On Thursday, Poynter reported on a potential partnership
between Ohio University's E.W. Scripps School of Journalism and the U.S. Soccer Federation. Poynter initially made calls on the story with questions about the ethics of the arrangement. What degree of independence would the students have? Would they mostly be doing public relations?
But the story didn't focus on those questions. Instead, it centered on the possibility that the whole thing might not happen after excited students began contacting the U.S. Soccer Federation themselves and the federation put on the brakes.
But it did include this line: "Feeding the U.S. Soccer’s Twitter account and other media sites wouldn’t be a problem for students in the school’s public relations (Strategic Communication) track, but poses ethical issues for the student journalists."
And that's what Bill Reader, associate professor at Ohio University, took issue with. In a comment posted on the story
, Reader wrote:
It is unfair and unethical itself to level an allegation that there is some "ethical" impropriety with such an educational opportunity.

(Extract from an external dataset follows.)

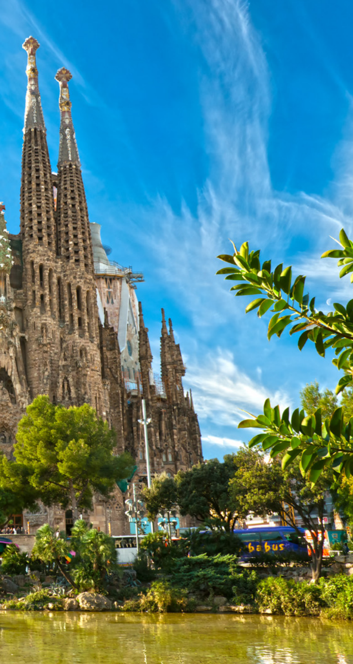
▲ THE BASILICA OF LA SAGRADA FAMILIA BARCELONA

the lizard-shaped fountain. The park's curious shapes and bold colour combinations, mixed with its vegetation, will transport you to a magical world.

College students are just that -- students -- who are free to take courses outside of their major areas of study or to get involved in activities that aren't within the "bubbles" of their chosen majors.
In the case of students interested in sports journalism, it would be foolish for them to not also take some courses about sports administration and marketing.
Kelly McBride, Poynter senior faculty, said Friday that a variety of opportunities exist for journalists now, and an opportunity like OU's partnership prepares students for "a really confusing world of journalism."